According to an officer, who gave his name as Gideon Deklu, the former Serious Fraud Office had a search warrant to look for evidence, in respect of sponsorship monies for Ghana’s participation in the 2010 World Cup.

The Chronicle is not amused by this development. It was barely one week ago, when the FA received an epistle from the game’s governing body, the Federation Internationale de Football Association (FIFA), warning of dire consequences for Ghana football, if the government of John Evans Atta-Mills continues to meddle in affairs pertaining to football administration in this country.

According to the FIFA letter, “the Government could audit the GFA accounts related to the attribution of public funds, i.e. government funds. This of course, excludes the funds coming from other sources, such as FIFA, CAF, or corporate bodies.”

We do not need any ghost to tell us that the raid on the FA, during which workers were held hostage for close to four hours, amounted to interference in the organisation of the game at the centre of the earth.

The FIFA letter spelt it out clearly that the GFA “must manage its own affairs.” In other words, the government of Ghana, and its agencies, has no business raiding the FA offices looking for whatever evidence on monies raised by the football controlling body.

The Chronicle fears that we are heading for trouble. Under Article 17, paragraph one of the FIFA Statutes, “each member shall manage its affairs and with no influence from third parties.” Article 13, paragraph one, states that: “Members have the following obligations: (a) to comply fully with the statutes, regulations and decisions of FIFA bodies at any time, as well as the decision of the Court of Arbitration for Sport (CAS) passed on appeal, on the basis of article 62 paragraph one of the FIFA Statutes.

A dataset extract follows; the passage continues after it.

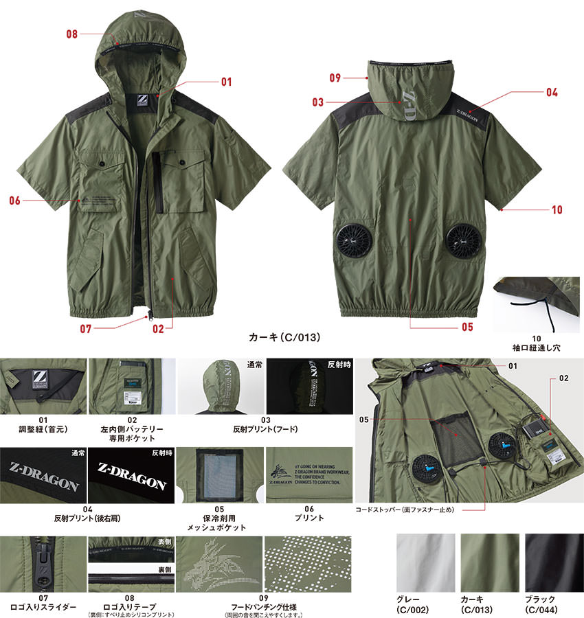 Z-DRAGON 空調服半袖ブルゾン フード付 2022年モデル
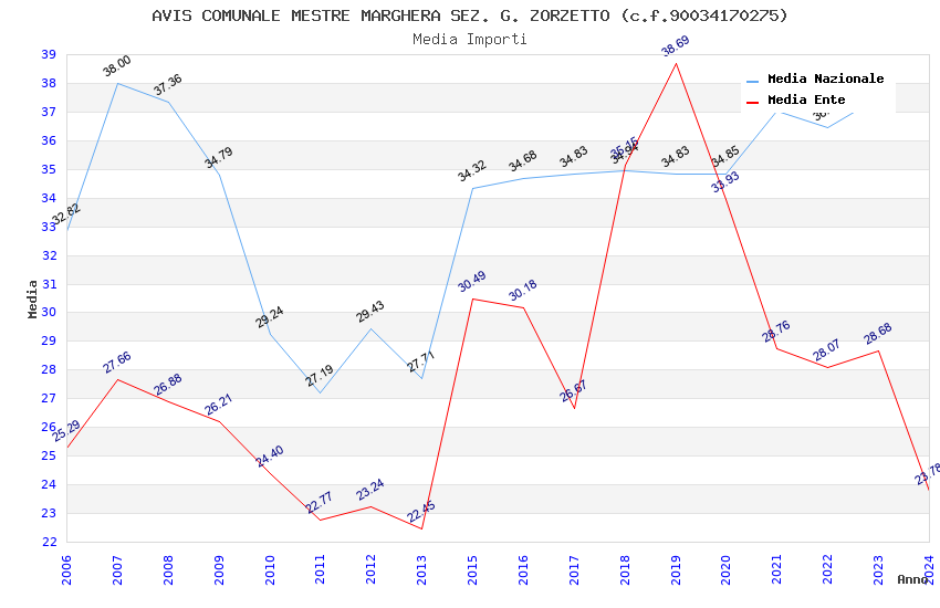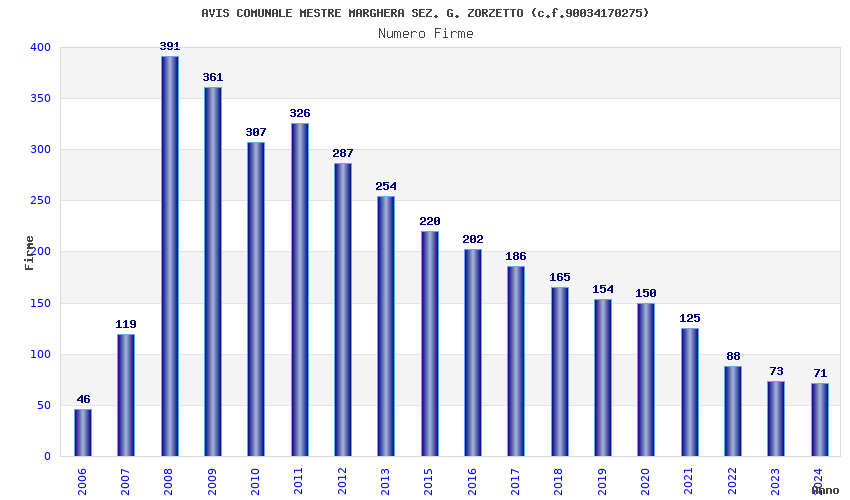| Anno | Firme | Importi | Media | Naz. | Reg. | Prov. | Comu. |

We are appalled by the fact that it was only one week ago when FIFA showed the Government of Ghana the yellow card. If we continue to flout the statutes of the world governing body, it would have no alternative than to pull out the red card. With the raid on the FA office yesterday, this nation stands on the edge of being sanctioned. Come to think of it, it was a needless tackle by the outfit that used to answer to the name Serious Fraud Office. Ghanaians should rise up. Our football is under siege!